You can look around, but if you want to ask a new question, please use the new forum.
Home » plugins » User management plugins » sfGuard does not force user to authenticate
sfGuard does not force user to authenticate [message #55863] Thu, 10 July 2008 04:47 Go to previous message
doza  is currently offline doza
Messages: 3
Registered: December 2007
Junior Member

I am trying to implement sfGuard with 1.1. I have the plugin installed and (think) I followed all of the instructions on the plugin documentation page, but I have an issue. I tried to secure my whole application to test it out, but I am never prompted to login. It just lets me go straight to the page that I have requested.

Here is the log that is generated when I access a page (

1	Info PatternRouting	Connect "/"
2	Info PatternRouting	Connect "/symfony/:action/*"
3	Info PatternRouting	Connect "/:module"
4	Info PatternRouting	Connect "/:module/:action/*"
5	Info PatternRouting	Connect "/login"
6	Info PatternRouting	Connect "/logout"
7	Info PatternRouting	Connect "/request_password"
8	Info PatternRouting	Connect "/login"
9	Info PatternRouting	Connect "/logout"
10	Info PatternRouting	Connect "/request_password"
11	Info FrontWebController	Initialization
12	Info PatternRouting	Match route [default_index] for "/:module"
13	Info WebRequest	Request parameters array ( 'action' => 'index', 'module' => 'user',)
14	Info Context	Initialization
15	Info FrontWebController	Dispatch request

Here is my routing.yml

# default rules
  url:   /
  param: { module: default, action: index }

  url:   /symfony/:action/*
  param: { module: default }

  url:   /:module
  param: { action: index }

  url:   /:module/:action/*

  url:   /login
  param: { modules: sfGuardAuth, action: signin }

  url:   /logout
  param: { modules: sfGuardAuth, action: signout }

  url:   /request_password
  param: { module: sfGuardAuth, action: password }

Here is a snippet from my settings.yml

    # Form security secret (CSRF protection)
    # csrf_secret:            off     # Unique secret to enable CSRF protection or false to disable

    # Output escaping settings
    escaping_strategy:      false            # Determines how variables are made available to templates.
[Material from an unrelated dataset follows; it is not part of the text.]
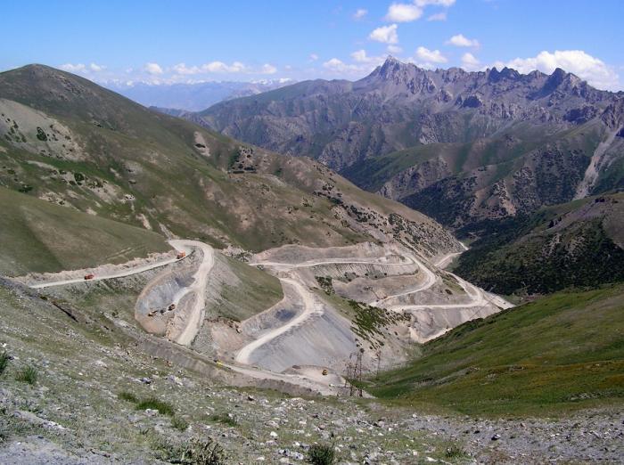 Окружающие пейзажи сменились на более приветливые, теплые и мягкие тона, бурые Памирские гиганты — на зеленые склоны Тянь-Шаньских гор. Миновав приграничное село Сары-Таш, постепенно вкатываемся на связку перевалов Хатынарт (3541 м) и Талдык (3615 м), с которого открывается потрясающий вид на лихо закрученный хоровод серпантинов. Просматривается почти весь спуск! Перепад высот от вершины перевала до основания составляет около 800 метров. По склонам жуками ползают грузовики и автодорожная техника – ведется полномасштабная реконструкция дороги. Фото 113. Спуск с перевала Талдык 3615 м.

Accepted values: on, off.
    escaping_method:        ESC_SPECIALCHARS # Function or helper used for escaping. Accepted values: ESC_RAW, ESC_ENTITIES, ESC_JS, ESC_JS_NO_ENTITIES, and ESC_SPECIALCHARS.

    enabled_modules:        [default, sfGuardAuth]

    login_module:           sfGuardAuth
    login_action:           signin

    secure_module:          sfGuardAuth
    secure_action:          secure

And here is my security.yml

  is_secure: on

I'm not sure if this is relevant, but the application is on a shared host at 1and1. I did follow the steps on the wiki for installing on 1and1. I apologize for posting so much info, but I was not sure which part of it was relevant to my issue.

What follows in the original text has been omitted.